Show Abstract | Download Original | Original Source | Check in Google Scholar | DOI: 10.14421/qh.v27i1.7013

Abstract

Qur’an manuscripts in Southeast Asia represent both sacred texts and dynamic cultural artefacts. Yet scholarship on these manuscripts has developed in a fragmented and regionally uneven way. This article addresses that problem through a structured analytical mapping of fifty-seven peer-reviewed journal articles published between 2002 and 2024. Drawing on a modified systematic literature analysis grounded in the PICOC framework, the study combines PRISMA-based selection with word-frequency analysis and NVivo-assisted thematic coding to trace publication dynamics, methodological orientations, thematic emphases, and geographic coverage in the field. The results show that approximately seventy-three per cent of the analysed studies have appeared since 2018, signalling a marked rise in academic attention to Qur’an manuscripts in recent years.
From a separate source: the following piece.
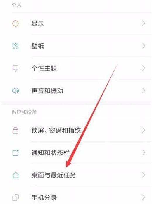 2、在红米手机设置页面中,点击【桌面与最近任务】菜单项,

At the same time, around eighty-five per cent of the corpus focuses on Indonesia and Malaysia, leaving Brunei, southern Thailand, the southern Philippines, and other Malay-Islamic polities largely under-represented. The thematic mapping identifies three interrelated clusters Islamization, Manuscripts, and Studies through which research has approached Southeast Asian mushaf. Rather than offering a narrative overview, the article treats the existing literature as an empirical corpus for conceptual mapping. By identifying recurring patterns and structural blind spots, it proposes an agenda for more geographically inclusive, methodologically diverse, and theoretically self-aware studies that connect philological and codicological analysis with histories of reading, teaching, and Islamization in Southeast Asia.